The most obvious possible alternative, and frankly the most likely, is that what McConnell did saved the filibuster, at least for now. Democrats desperately want to get rid of it, this fight would’ve been perfect cover.

Yes, Democrats could have raised the debt ceiling on their own through a reconciliation vote, but I don’t believe they wanted Republican votes to end a filibuster so they could say both sides were to blame for the trillions Democrats are looking to add to the debt.

Let me tell you why that doesn’t matter. First, so few people in Congress of either party actually care about the debt to matter, same for the public. Second, if Democrats had blown up the filibuster, which this was a tactic to do, it would have given them cover to ram through their massive “human infrastructure” bill. Hear me out on this.

Remember the nomination of Neil Gorsuch to the Supreme Court? Democrats had already ended the filibuster on every judicial nomination except the Supreme Court. When Gorsuch was chosen to replace Antonin Scalina, it wasn’t going to make a difference in the balance of the court. There was no reason to filibuster, there was nothing on the line. They did it anyway, knowing full-well Republicans would do what Democrats had done and gotten rid of the 60 vote threshold, which is what happened.

No one cared, and barely anyone noticed. Then came the retirement of Justice Anthony Kennedy, the ultimate “swing vote” on the court, and the nomination of Brett Kavanaugh to replace him. That would impact the court, and Democrats had absolutely nothing they could to block it. They tried, but lies can’t replace procedure.

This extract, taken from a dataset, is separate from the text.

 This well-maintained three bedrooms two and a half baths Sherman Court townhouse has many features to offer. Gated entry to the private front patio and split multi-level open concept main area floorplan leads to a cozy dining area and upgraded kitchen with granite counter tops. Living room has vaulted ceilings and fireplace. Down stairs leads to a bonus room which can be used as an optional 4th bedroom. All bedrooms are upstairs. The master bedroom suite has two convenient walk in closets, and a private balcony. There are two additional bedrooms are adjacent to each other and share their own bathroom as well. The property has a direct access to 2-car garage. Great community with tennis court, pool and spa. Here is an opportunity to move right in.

Democrats want to get rid of the filibuster, desperately, but they know if they simply do it to ram a massive entitlement program or giant spending bill the public would punish them. There’s also the problem that many of their Members are on record saying they wouldn’t get rid of the filibuster. There’s a difference if they break their word to protect the country from default and financial ruin, which they claim about the debt ceiling, and if they break it for a massive spending bill that subsidizes their donors and friends.

By ending their filibuster on the debt limit vote, McConnell prevented Democrats from ending the filibuster for any reason other than naked politics, which is exactly what they don’t want to happen. Their cover was gone and they’d been boxed in.

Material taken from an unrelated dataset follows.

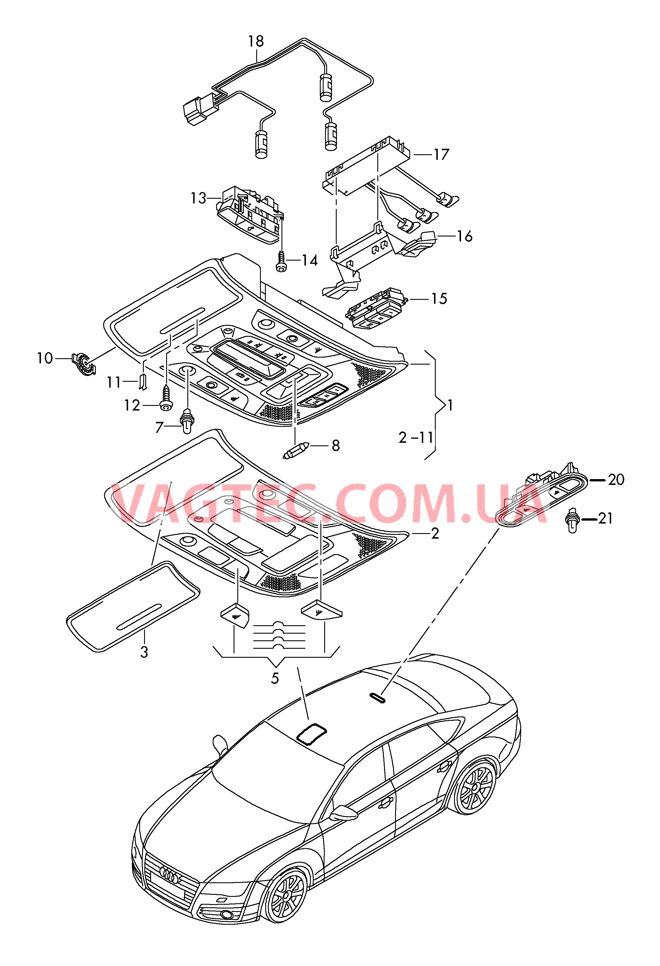| 20 | 4G0947111A | Плафон | 1 | PR-IW0+6NA, 6NQ | |

When you can’t get your way, it’s best to create a scenario where your opponents have to pay the highest price possible for getting theirs. It’s the only thing that’ll give them pause, and your only remaining shot an ultimate victory.

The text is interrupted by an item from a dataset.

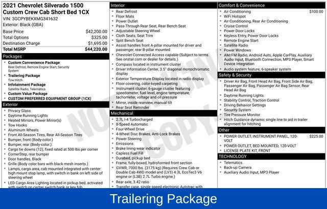 Black 2021 Chevrolet Silverado 1500 Custom 4WD 8-Speed Automatic 2.7L Turbo WE DELIVER ANYWHERE, Ford Blue Advantage Blue Certified Certified, 8-Speed Automatic, 4WD, Black Cloth, 170 Amp Alternator, 3.5 Diagonal Monochromatic Display, Bluetooth® For Phone, Body Color Grille, Color-Keyed Carpeting Floor Covering, Compass, Custom Convenience Package, Custom Value Package, Deep-Tinted Glass, Electric Rear-Window Defogger, Electronic Cruise Control, EZ Lift Power Lock & Release Tailgate, Front Frame-Mounted Black Recovery Hooks, Front Rubberized Vinyl Floor Mats, Infotainment Package, LED Cargo Area Lighting, Manual Tilt Wheel Steering Column, Power Door Locks, Power Front Windows w/Driver Express Up/Down, Power Front Windows w/Passenger Express Down, Power Rear Windows w/Express Down, Preferred Equipment Group 1CX, Rear 60/40 Folding Bench Seat (Folds Up), Rear Rubberized-Vinyl Floor Mats, Remote Keyless Entry, Remote Vehicle Starter System, Standard Tailgate, Trailering Package, 120-Volt Bed Mounted Power Outlet, 120-Volt Instrument Panel Power Outlet, 3.42 Rear Axle Ratio, 4-Wheel Disc Brakes, 40/20/40 Front Split Bench Seat, 4G LTE Wi-Fi Hot Spot Capable, 6 Speakers, ABS brakes, Air Conditioning, Alloy wheels, AM/FM radio: SiriusXM, Apple CarPlay/Android Auto, Brake assist, Bumpers: body-color, Chevrolet Connected Access Capable, Cloth Seat Trim, Delay-off headlights, Driver door bin, Driver vanity mirror, Dual front impact airbags, Dual front side impact airbags, Electronic Stability Control, Front anti-roll bar, Front Center Armrest w/Storage, Front License Plate Kit, Front reading lights, Front wheel independent suspension, Fully automatic headlights, Heated door mirrors, Heavy Duty Suspension, Hitch Guidance, Illuminated entry, Low tire pressure warning, Occupant sensing airbag, OnStar & Chevrolet Connected Services Capable, Outside temperature display, Overhead airbag, Overhead console, Panic alarm, Passenger door bin, Passenger vanity mirror, Polished Exhaust Tip, Power door mirrors, Power steering, Power windows, Premium audio system: Chevrolet Infotainment 3, Radio data system, Radio: Chevrolet Infotainment 3 System, Rear reading lights, Rear step bumper, Rear window defroster, Remote keyless entry, Security system, Single-Zone Manual/Semi-Automatic Air Conditioning, SiriusXM Radio, Speed control, Speed-sensing steering, Split folding rear seat, Tachometer, Theft Deterrent System (Unauthorized Entry), Tilt steering wheel, Traction control, Trip computer, Variably intermittent wipers, Voltmeter, Wheels: 20 x 9 Bright Silver Painted Aluminum, 8-Speed Automatic, 4WD, Black Cloth, 170 Amp Alternator, 3.5 Diagonal Monochromatic Display, Bluetooth® For Phone, Body Color Grille, Color-Keyed Carpeting Floor Covering, Compass, Custom Convenience Package, Custom Value Package, Deep-Tinted Glass, Electric Rear-Window Defogger, Electronic Cruise Control, EZ Lift Power Lock & Release Tailgate, Front Frame-Mounted Black Recovery Hooks, Front Rubberized Vinyl Floor Mats, Infotainment Package, LED Cargo Area Lighting, Manual Tilt Wheel Steering Column, Power Door Locks, Power Front Windows w/Driver Express Up/Down, Power Front Windows w/Passenger Express Down, Power Rear Windows w/Express Down, Preferred Equipment Group 1CX, Rear 60/40 Folding Bench Seat (Folds Up), Rear Rubberized-Vinyl Floor Mats, Remote Keyless Entry, Remote Vehicle Starter System, Standard Tailgate, Trailering Pa

What will Democrats do now? We don’t know. But we do know they would’ve gutted the filibuster under the guise of “saving the country from default.” With it gone, it would’ve been game on for whatever else they wanted to pass. But that dam wasn’t broken, it’s still there now. Which makes it harder and costlier politically if they do it in the future for issues that aren’t “emergency” matters.

You can hate Mitch McConnell for a lot of things, any reason you want, really, what the hell do I care? But whatever reason you want to hate him for should be based on reality. And the reality is, no matter how much blowhards whine and pander to their audiences to sounds “super conservative,” what transpired this week was the smart play. Every honest Monday Morning Quarterback knows that’s the case.